Closed this issue · 2 comments

I'm writing my own implementation of the Par2 spec. I've read the spec and I'm reading par2cmdline's source code, and I have a couple of questions:

How is a block related to a slice. The spec says slices are 16-bits and to make one recovery slice I need two input slices. But looking at the source code, blocks can clearly be bigger than 16-bits. Is it something like an input block has x number of slices and a recovery block has y number of slices? It is just not clear to me from spec, as written, what the heck it wants.

This brings me to my second question, what is the purpose of the exponent in the Recovery Slice packet, and how is it used? I have read the paper the spec links to which I barely understood. I have also read Reed-Solomon codes for Coders which I found much more understandable. But I'm still mystified by the exponent. Is it a value for a lookup table? That's my only guess.

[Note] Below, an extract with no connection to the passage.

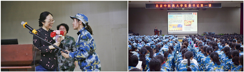 2018年9月11日晚,我校党委书记谷晓红以“濳悟岐黄、奋发有为,做中医药事业的实践者和接班人”为题,在军训基地为2018级本科新生讲授大学第一堂党课,活动由学工部部长李玮主持。

The term 'block' and 'slice' are generally used interchangeably. Blocks/slices can be any size up to 2^64, as long as it's a multiple of 4. Slice indices (sometimes referred to as "constants" in the specification) must be 16-bit, not the slices themselves.

Within a slice, you have some number of 16-bit integers, which we'll refer to as "words". Computation is performed by transforming 1 or more words, from input slices, into 1 or more words, which end up in recovery slices.

Note that your assumption that you need two input slices to produce a recovery slice is incorrect. You need at least 1 input slice to compute 1 or more recovery slices (to put it another way, you could compute 3 recovery slices from 1 input slice, or 2 recovery slices from 5 input slices etc).

All input/recovery slices/blocks must be the same size. If the input slice is too small (due to the file ending), it needs to be padded with null bytes.

PAR2 uses a Vandermonde matrix when computing recovery data from input data. The computation, for each word w in recovery slice r, is something like:

recovery[r][w] = input[0][w] * 2^r + input[1][w] * 4^r + input[2][w] * 16^r + input[3][w] * 128^r ...

I'm not knowledgeable enough on the mathematical principles behind the Vandermonde matrix used, but the exponent is basically just a part of the calculation. It doesn't have anything particularly to do with a lookup table, however, a common performance-oriented implementation of exponentiation in GF(2^n ) is done by computing logarithm/exponentiation via a lookup table.

Thank you @animetosho.